And assessment of the state of NHS finances has discovered that around 800 surgeries in the country face average losses in excess of £50,000 annually under the national PMS contract review.
And nearly 200 are at risk of being unable to manage these losses safely in order to deliver adequate services to patients.
PMS cuts are intended to reduce the funding of general practice by £235 million.
The review on the national PMS process began back in 2014, and was supposed to have been completed last year.
Yet delays have ensured that procedures are ongoing.
An internal memo from NHS England’s National Director for Commissioning Development, Rosamond Roughton, to chief executive Simon Stevens discusses the consequences of this delay and the future direction for the PMS process.
Roughton suggested that local commissioners could rely on existing powers to vary the pace of PMS cuts.
It is also believed that section 96 financial support could be used in order to assist those that have been particularly hard hit by the PMS process.
“The absence of CCG reinvestment plans undermines the assurances given on practices’ abilities to manage funding losses safely if they cannot plan on the basis of the net impact of the funding changes,” Roughton commented.
Back in May, Roughton had written to clinical commissioning groups requesting for outstanding PMS reviews to be put on hold.
There were consultations at that time with concerned citizens at London, with the impact on practice stability of the overall procedure being discussed.
Indeed, the internal memo directed at Stevens acknowledges that almost half of the 600 PMS practices in London face losses of 10% of their income, or more.
The document also warns Stevens that PMS practices may terminate their contracts due to being “unwilling to accept the revised contract from the PMS review”.
Such are the difficulties of the current climate, two practices that have been rated outstanding by the Care Quality Commission have already taken this drastic action.
Roughton also noted a “growing (but unquantified) problem of practices stopping or threatening to stop services which may be regarded as “core” GP services”.

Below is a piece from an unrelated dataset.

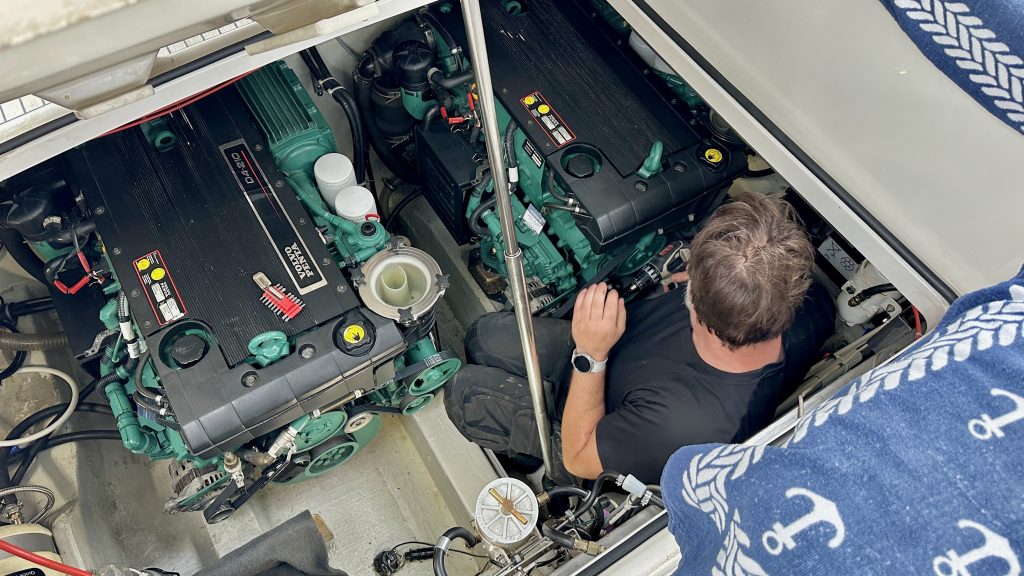 09:00 Uhr. Alle Schotten dicht, alles im Boot sicher verstaut, wir sind bereit zum Ablegen. Maschinen START … oh oh! : Der Anlasser gurgelt wie ein alter Seemann, dem der Rum im Hals stecken geblieben ist. Die Steuerbordmaschine bleibt stumm. Kein Mucks. Nichts.

Commenting on the issue, GPC deputy chair Dr Richard Vautrey suggested that the picture in general practice is rather grim.
“With the longstanding and systemic underfunding of general practice, at the same time as there has been a rapid increase in the population and workload, many practices are already on a financial knife-edge and losses of this magnitude could put many at real risk of closure. When there is an urgent need for more GPs, the country can ill-afford the risk of losing more local practices with all that that means to the health and wellbeing of local communities.”